John Thomas "Blondy" Black (August 20, 1920 – May 4, 2000) was an American professional football player. He played college football for the Mississippi State Bulldogs. He was drafted by the Brooklyn Dodgers baseball team, served in the military, was drafted by the Buffalo Bills but did not play for them during the regular season. In 1947 he played in five games for the Baltimore Colts.

While serving in the military during World War II, Black played professional football under the assumed name of Mike Matiza. In 1946, he played for the Buffalo Bisons, and in 1947 for the Baltimore Colts.

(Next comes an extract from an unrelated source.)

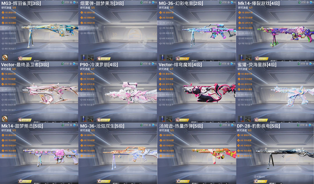 粉装20:梦幻火箭,狂魅哈莉,狂魇小丑,幻彩电音,,冷漠罗丽,奇迹舞步 美雪,星穹咏叹调,绯穹魔姬,宁雨蝶,天穹,罗征,羊梦糖心,幻星舰长,雪月幻音,荧海星豚,千金淑猫,飒粉甜心,蓝莓炮弹,圣堂之誓,香水柠檬,

==Early life and education==
Black was born in Philadelphia, Mississippi. He went to Philadelphia High School. He attended Mississippi State University from 1939 to 1942, where he played football and ran track. He was the offensive cornerstone of MSU's only undefeated football team in 1940. While competing for MSU, he held a school record for running the 100-yard dash in 9.6 seconds in 1941. He averaged 6.1 yards per carry during his varsity football career. Black holds the MSU record for highest yards per rush average in a single game (19.5) and in a season (6.9), both set in 1942. He was a two-time All-SEC selection in 1941 and 1942 and was a UPI All-American in 1943. He also was a three-year letterman in track.

In 1943, Black joined the United States Marine Corps and became a lieutenant. While in the Marines, he played football under the name "Mike Matiza".

==Later career==
Black later pursued a career as a land developer and car dealership owner in Yazoo City. He was inducted into the Mississippi Sports Hall of Fame in 1976.